When we initialize some integer values like

int a = 10;

or 

Integer b = new Integer(20);
Integer b = 30;

where are those objects created in memory?

Is there any concept like Integer-Pool like we have String-Pool for String?

Tordek
  • 10,628
  • 3
  • 36
  • 67
ParagFlume
  • 959
  • 8
  • 17

3 Answers3

4

Most JVMs (even 64-bit ones) use 32-bit references. (Newer JVMs uses 32-bit references for heaps up to almost 32 GB) The reference is on the stack or in a CPU register and is not usually counted. The Integer is allocated on the heap.

Integer i = new Integer(1); // creates a new object every time.
Integer j = 1; // use a cached value.

Integer a; will allocate memory in stack to hold the reference value and initialized with null

new creates instance in heap memory

Piyush Mittal
  • 1,860
  • 1
  • 21
  • 39
  • we know that the code Integer a = 127; is an example of auto-boxing and compiler automatically converts this line to Integer a = Integer.valueOf(127);. So, it is the Integer.valueOf() method that is returning these integer objects, which means this method must be doing something under the hood. _i am confused, Integer a; in heap or stack? – Ulviyya Ibrahimli May 15 '20 at 16:37
  • 1
    https://dzone.com/articles/java-integer-cache-why-integervalueof127-integerva – Ulviyya Ibrahimli May 15 '20 at 16:37
3

Objects created with new keyword are stored on heap.

Variables (references to those objects) and primitive types like int are stored on program's stack.

Integer is not a special class in Java. You can use arithmetic operators with it, it's immutable and you can even use == for equality testing (in the range of -128 to 127 since those values are already cached).

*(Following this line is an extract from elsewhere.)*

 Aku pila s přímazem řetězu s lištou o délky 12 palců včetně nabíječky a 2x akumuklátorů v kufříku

Is there any concept like Integer-Pool like we have String-Pool for String?

Open the code of java.lang.Integer and look at the valueOf method. It's obvious that they indeed use an Integer pool.

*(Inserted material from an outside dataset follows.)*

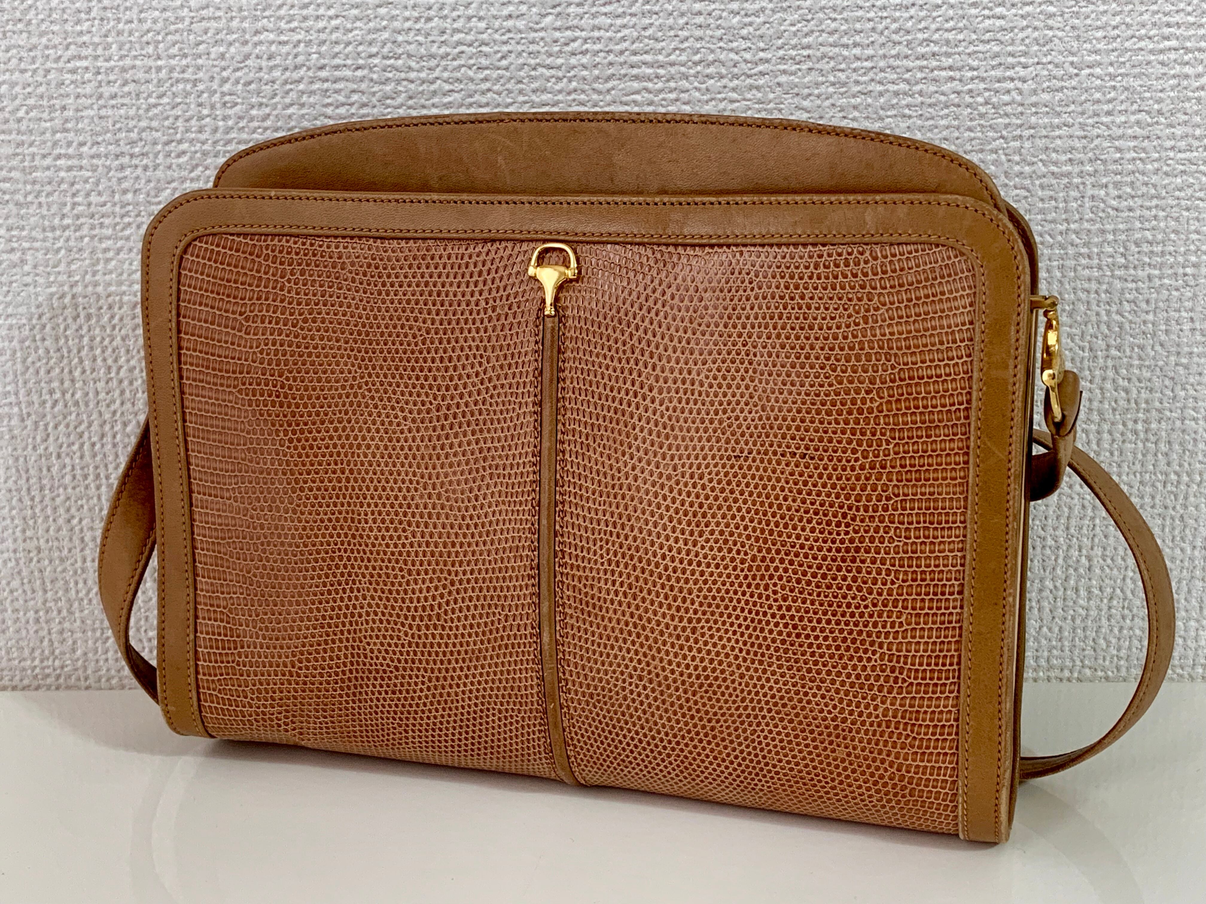 グッチ レザー リザード コンビ ショルダーバッグ ブラウン ヴィンテージ

public static Integer valueOf(int i) {
    assert IntegerCache.high >= 127;
    if (i >= IntegerCache.low && i <= IntegerCache.high)
        return IntegerCache.cache[i + (-IntegerCache.low)];
    return new Integer(i);
}

Also, I think this image will be helpful for you:

enter image description here

darijan
  • 9,725
  • 25
  • 38
  • "Objects [...] are stored on the heap." Maybe you should read some words about [_escape analysis_](https://en.wikipedia.org/wiki/Escape_analysis). Actually, this qualifies your statement to be w̶r̶o̶n̶g̶ not entirely true. – Seelenvirtuose Aug 07 '15 at 11:42
  • Yeah, let's go into that to explain it to someone who is learning OO at the moment. We should definitely start with escape analysis and JVM enhancements (before he understands the difference between the stack and the heap). – darijan Aug 07 '15 at 11:46
  • Yes, I know that you should not overwhelm beginners with too much technical details. Nevertheless, this statement is not correct _as it is_. Other readers might be more advanced. A good explanation should be short and correct. Let the readers decide whether to dig into details or not (hyperlinks, heh?). – Seelenvirtuose Aug 07 '15 at 11:49
  • When I see place for improvement in somebody's comment I edit it. For the same reason, i.e. to make them more exact, correct and easy to understand. If you see place for improving my comment, please do so. Thanks for the comments. – darijan Aug 07 '15 at 11:50
-1

Integers in the range -128 to +127 are pre-created. You can think of those as being in an "integer pool".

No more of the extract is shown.